Although my proposal to hold a debate on Japan’s “lost decades” story has met with considerable support, some people have demurred.
Would a debate on the Japanese economy really solve anything? One correspondent at a major American university seems to think not. Here’s what he wrote:
“I am not sure a ‘one on one’ debate of the type you suggest is going to actually result in anything useful (other than you and whichever of the guests you choose to debate becoming more entrenched in what you already believe). To me a more appropriate format might be a moderated round table type of discussion in an academic setting. True academic pursuits (using the scientific method) often do not render absolute results.”
Here is how I replied:
“I am slightly surprised you oppose a one-on-one debate. Anyone who is confident in his or her position and sleeps soundly at night cannot possibly lose a debate. On the other hand a debate is an efficient, if not a devastating, way for a teller of obscure or suppressed truths to expose contradictions and outright misstatements of fact in the position of an opponent. My invitees should not have the slightest difficulty in coming forward. After all they are working with the grain of Western thought. They should be able to dispose of my arguments without breaking a sweat. That is if there are no contradictions in their arguments.
“The formula you suggest — talking heads getting together around a table (no doubt in a place where the weather is nice and the food good, with the proceedings underwritten by the usual ‘globalist’ interests) — has been going strong for donkey’s years, yet what has it achieved? If you know the field as well as I do, you will know the answer is less than nothing.

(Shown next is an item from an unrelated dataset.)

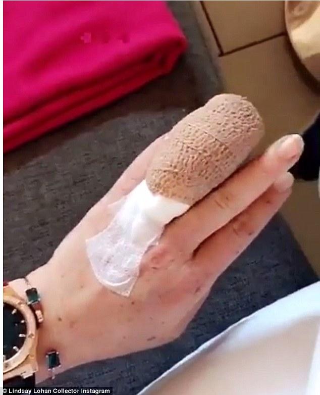 Cận cảnh ngón tay được băng bó sau khi đứt lìa của Lindsay Lohan.

“Let’s consider my debate invitation in a wider context. As you may know, I was one of the earliest critics of the various questionable and downright dishonest techniques by which Wall Street insiders enrich themselves at the expense of the national interest (I devoted a whole chapter to it in a book published in 1999). If, say, in 2007 (that is before the Western public became widely aware of what an Augean stable the American financial services industry is), I had proposed a debate on the legal larceny going on on Wall Street, would you have suggested it would be better instead to have a roundtable discussion in which I would be outnumbered twelve to one by an assorted bunch of ideology-crazed academic cranks, globalist-minded media airheads (no doubt hoping for a shot at next year’s Davos), and bought-and-paid-for surrogates for the Wall Street elite?”